= Beginning of Section =
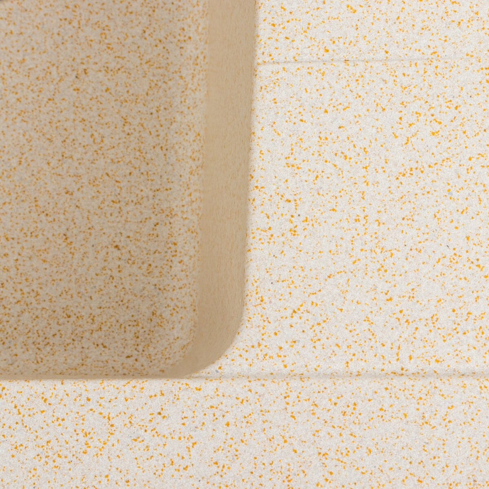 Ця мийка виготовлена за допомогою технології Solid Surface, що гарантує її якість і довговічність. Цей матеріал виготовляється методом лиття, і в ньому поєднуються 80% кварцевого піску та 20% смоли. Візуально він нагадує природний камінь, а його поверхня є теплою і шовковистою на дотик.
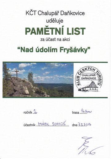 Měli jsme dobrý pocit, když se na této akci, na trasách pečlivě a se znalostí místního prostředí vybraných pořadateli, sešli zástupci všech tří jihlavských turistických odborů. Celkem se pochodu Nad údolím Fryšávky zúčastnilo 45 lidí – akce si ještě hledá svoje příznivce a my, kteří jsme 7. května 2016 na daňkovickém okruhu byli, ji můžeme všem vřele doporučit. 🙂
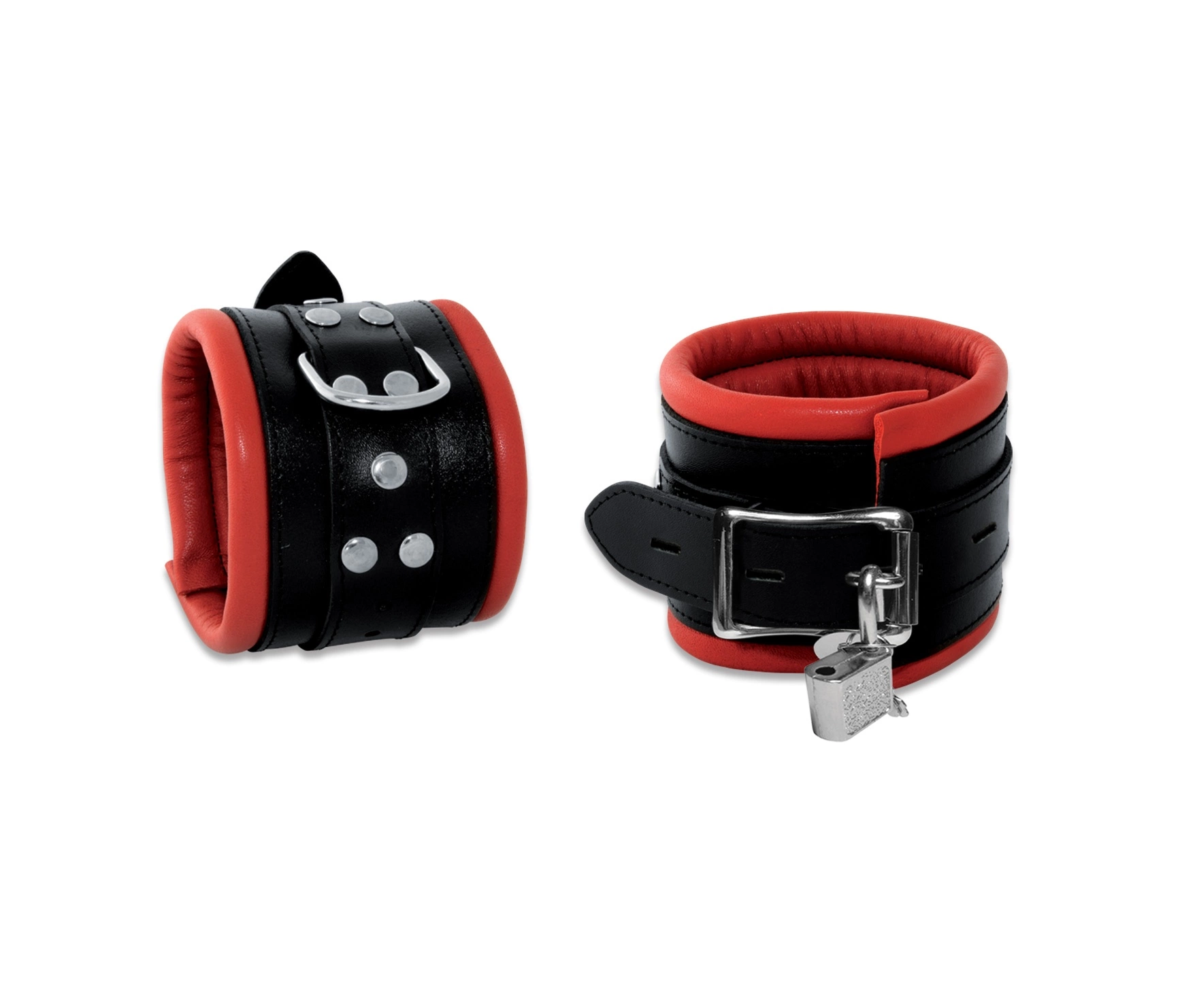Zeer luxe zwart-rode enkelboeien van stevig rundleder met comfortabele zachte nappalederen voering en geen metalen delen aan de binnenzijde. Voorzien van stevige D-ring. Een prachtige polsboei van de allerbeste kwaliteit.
= End of Section =
= Beginning of Section =
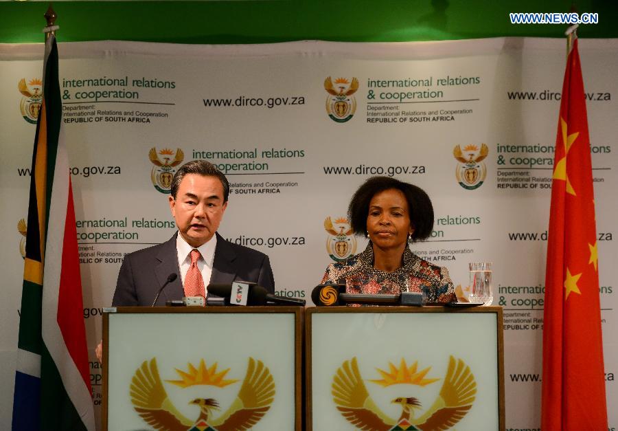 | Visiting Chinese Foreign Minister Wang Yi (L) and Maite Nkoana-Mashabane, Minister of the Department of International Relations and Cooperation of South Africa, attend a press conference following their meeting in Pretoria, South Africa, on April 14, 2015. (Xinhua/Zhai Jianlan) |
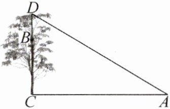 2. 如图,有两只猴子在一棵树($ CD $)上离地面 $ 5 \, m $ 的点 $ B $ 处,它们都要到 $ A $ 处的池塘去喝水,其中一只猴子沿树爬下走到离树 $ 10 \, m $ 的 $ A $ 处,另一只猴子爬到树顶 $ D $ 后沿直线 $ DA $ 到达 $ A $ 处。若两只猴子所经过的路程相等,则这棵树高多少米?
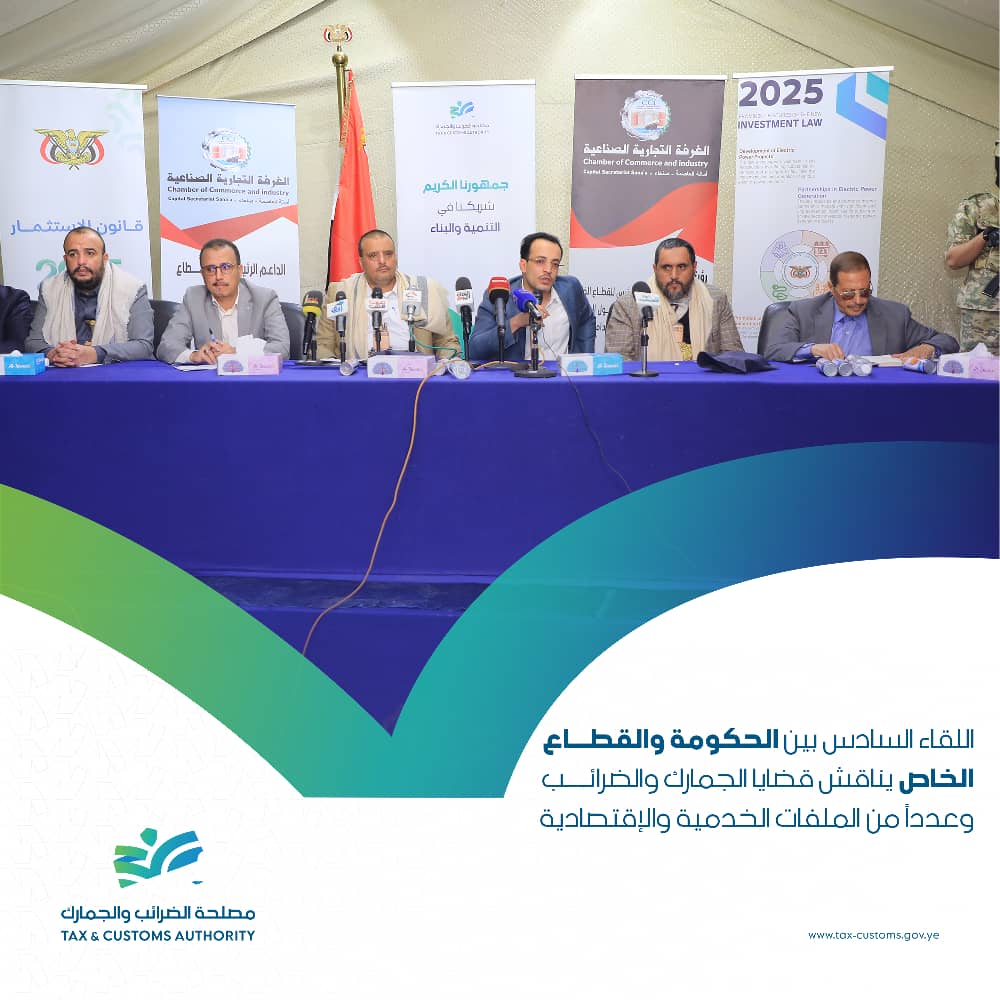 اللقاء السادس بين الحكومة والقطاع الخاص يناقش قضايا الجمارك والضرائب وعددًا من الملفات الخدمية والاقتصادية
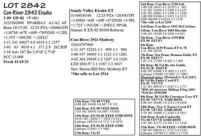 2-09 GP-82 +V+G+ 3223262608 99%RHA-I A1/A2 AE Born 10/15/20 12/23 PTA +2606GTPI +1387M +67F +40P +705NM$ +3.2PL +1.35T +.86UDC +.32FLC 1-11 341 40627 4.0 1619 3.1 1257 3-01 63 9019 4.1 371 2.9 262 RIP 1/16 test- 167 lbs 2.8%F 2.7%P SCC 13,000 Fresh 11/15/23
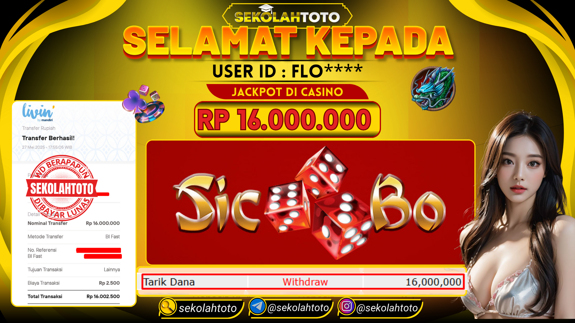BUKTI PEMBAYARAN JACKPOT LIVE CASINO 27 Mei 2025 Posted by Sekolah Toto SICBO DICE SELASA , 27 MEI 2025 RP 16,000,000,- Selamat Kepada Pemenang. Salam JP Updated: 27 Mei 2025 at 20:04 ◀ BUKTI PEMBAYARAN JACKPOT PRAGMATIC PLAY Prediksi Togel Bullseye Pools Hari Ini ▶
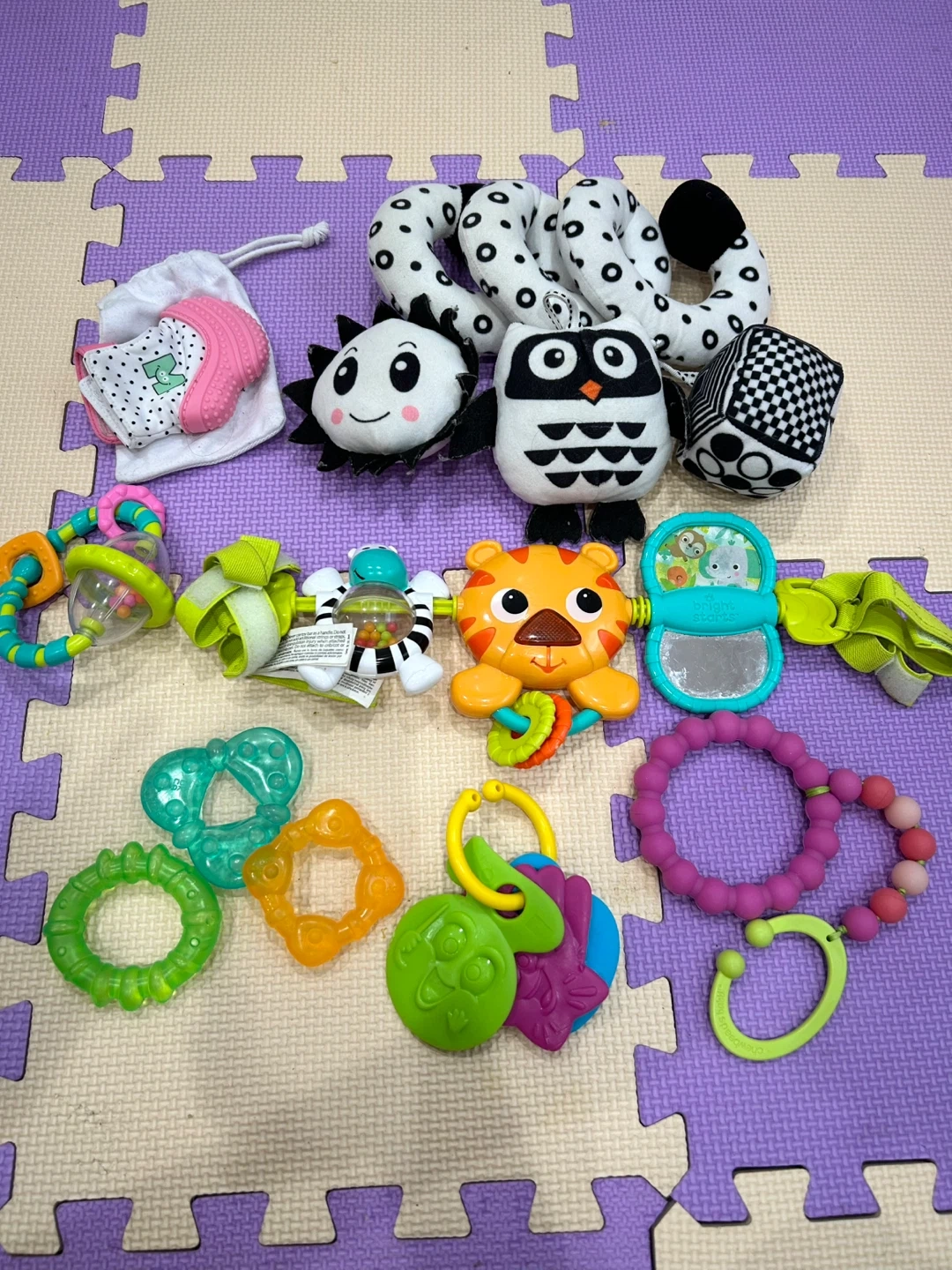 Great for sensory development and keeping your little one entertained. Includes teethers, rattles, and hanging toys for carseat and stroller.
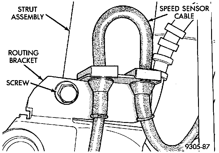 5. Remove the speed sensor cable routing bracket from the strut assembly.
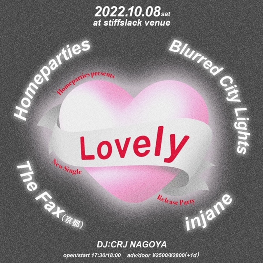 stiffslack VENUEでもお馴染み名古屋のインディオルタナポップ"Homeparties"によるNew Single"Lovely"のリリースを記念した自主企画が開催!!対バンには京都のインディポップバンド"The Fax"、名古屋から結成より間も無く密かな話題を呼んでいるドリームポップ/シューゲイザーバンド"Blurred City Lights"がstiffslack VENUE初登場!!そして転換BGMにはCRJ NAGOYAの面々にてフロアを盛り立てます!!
= End of Section =
Above, find the line holding "Ця мийка виготовлена" and the line holding "Měli jsme dobrý". Print exactly those two lines and every line between them, but no pictures.

● **Solution**:
 Ця мийка виготовлена за допомогою технології Solid Surface, що гарантує її якість і довговічність. Цей матеріал виготовляється методом лиття, і в ньому поєднуються 80% кварцевого піску та 20% смоли. Візуально він нагадує природний камінь, а його поверхня є теплою і шовковистою на дотик.
 Měli jsme dobrý pocit, když se na této akci, na trasách pečlivě a se znalostí místního prostředí vybraných pořadateli, sešli zástupci všech tří jihlavských turistických odborů. Celkem se pochodu Nad údolím Fryšávky zúčastnilo 45 lidí – akce si ještě hledá svoje příznivce a my, kteří jsme 7. května 2016 na daňkovickém okruhu byli, ji můžeme všem vřele doporučit. 🙂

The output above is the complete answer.